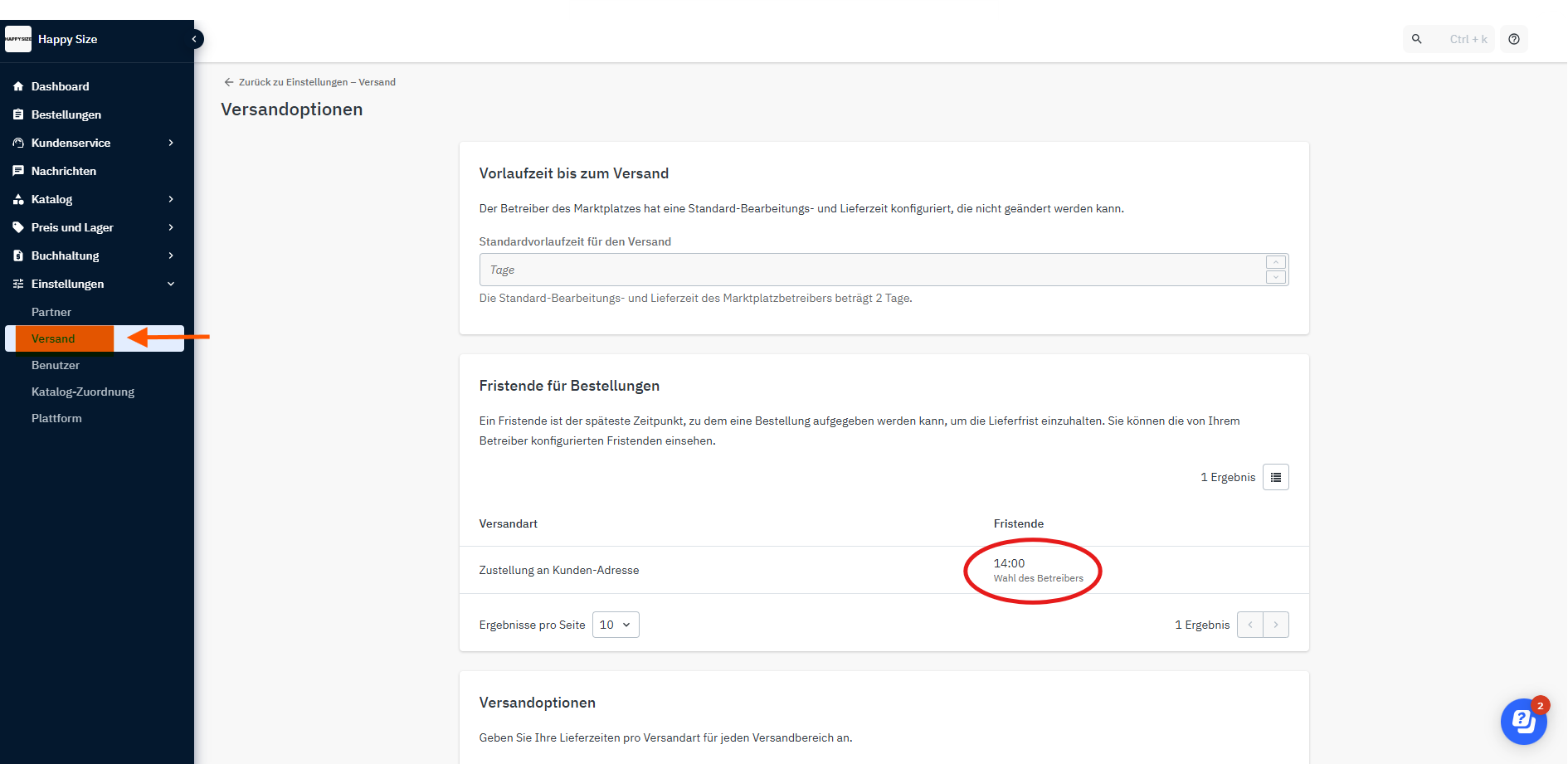 Zudem ist hier die Lieferzeit hinterlegt. Aufträge müssen innerhalb von 0-2 Tagen als versandt gemeldet werden. Und innerhalb von 2 bis 4 Tagen beim Endkunden sein.
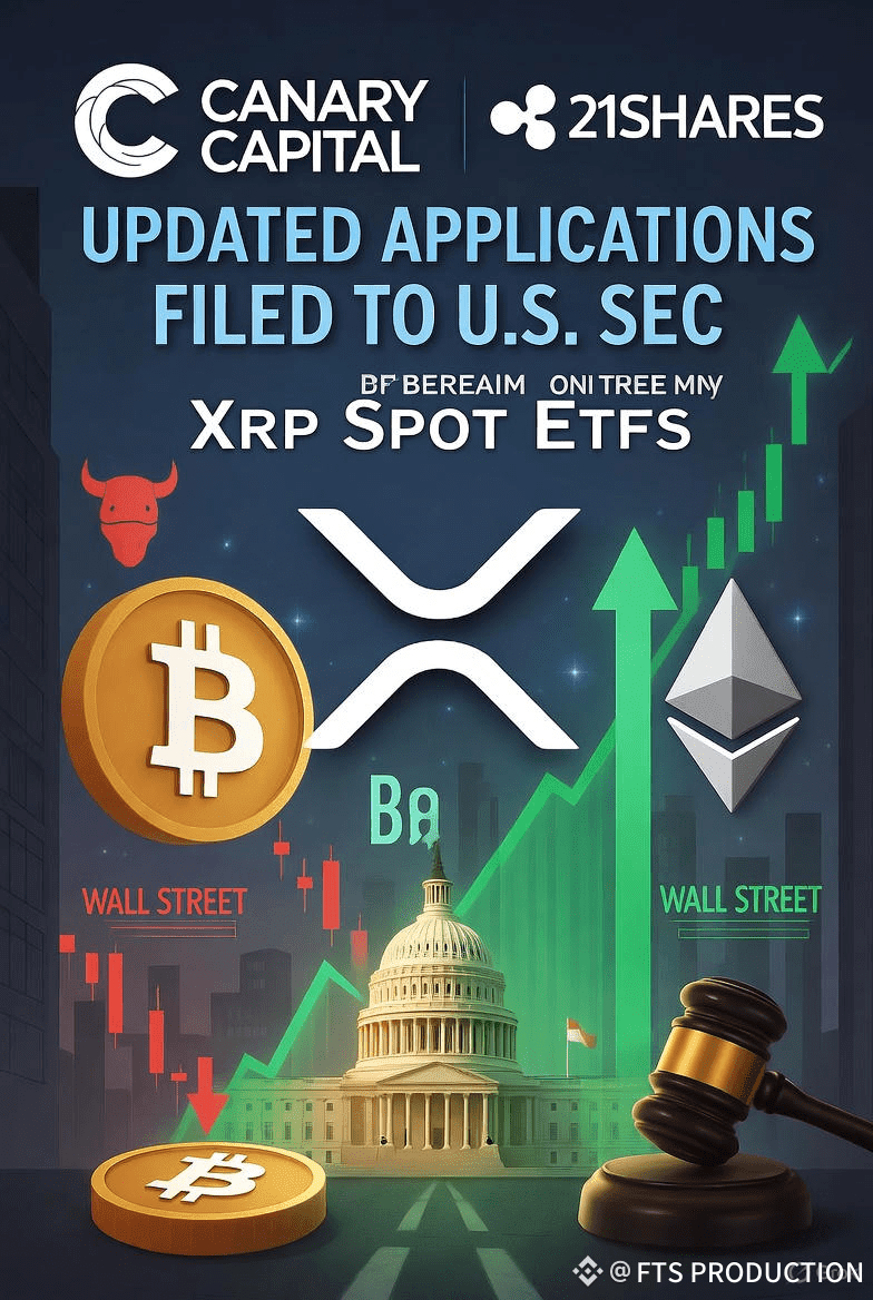Last night, during all the panic and chaos, Canary Capital and 21Shares quietly sent updated applications for $XRP Spot ETFs to the U.S. SEC (the financial regulator).
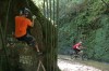 Uk designed and Belgian made, the Euro roots will come out in the race bred handling. High-ish (67mm drop) BB for pedal clearance in ruts and hoiking round 180 dead turns, and loads of shouldering room with a traditional (rather than sloping) top tube. A standard 1-1/8th headtube surrounds the carbon fork and despite the Flemish heritage, there are no canti brakes here – the x2.0 frameset is disc only.
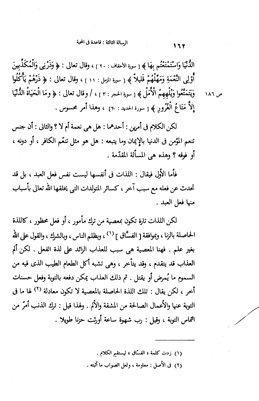 لكن اللذات تارة تكون بمعصية من ترك مأمور أو فعل محظور كاللذة الحاصلة بالزنا وبموافقة الفساق وبظلم الناس وبالشرك والقول على الله بغير علم فهنا المعصية هي سبب للعذاب الزائد على لذة الفعل لكن ألم العذاب قد يتقدم وقد يتأخر وهي تشبه أكل الطعام الطيب الذي فيه من السموم ما يمرض أو يقتل ثم ذلك العذاب يمكن دفعه بالتوبة وفعل حسنات أخر لكن يقال تلك اللذة الحاصلة بالمعصية لا تكون معادلة لها ما في التوبة عنها والأعمال الصالحة من المشقة والألم ولهذا قيل ترك الذنب أمر من التماس التوبة وقيل رب شهوة ساعة أورثت حزنا طويلا
_____
Reproduce the data exactly as it appears above. Pictures are to be left out.

#### Solution:
 Zudem ist hier die Lieferzeit hinterlegt. Aufträge müssen innerhalb von 0-2 Tagen als versandt gemeldet werden. Und innerhalb von 2 bis 4 Tagen beim Endkunden sein.
Last night, during all the panic and chaos, Canary Capital and 21Shares quietly sent updated applications for $XRP Spot ETFs to the U.S. SEC (the financial regulator).
 Uk designed and Belgian made, the Euro roots will come out in the race bred handling. High-ish (67mm drop) BB for pedal clearance in ruts and hoiking round 180 dead turns, and loads of shouldering room with a traditional (rather than sloping) top tube. A standard 1-1/8th headtube surrounds the carbon fork and despite the Flemish heritage, there are no canti brakes here – the x2.0 frameset is disc only.
 لكن اللذات تارة تكون بمعصية من ترك مأمور أو فعل محظور كاللذة الحاصلة بالزنا وبموافقة الفساق وبظلم الناس وبالشرك والقول على الله بغير علم فهنا المعصية هي سبب للعذاب الزائد على لذة الفعل لكن ألم العذاب قد يتقدم وقد يتأخر وهي تشبه أكل الطعام الطيب الذي فيه من السموم ما يمرض أو يقتل ثم ذلك العذاب يمكن دفعه بالتوبة وفعل حسنات أخر لكن يقال تلك اللذة الحاصلة بالمعصية لا تكون معادلة لها ما في التوبة عنها والأعمال الصالحة من المشقة والألم ولهذا قيل ترك الذنب أمر من التماس التوبة وقيل رب شهوة ساعة أورثت حزنا طويلا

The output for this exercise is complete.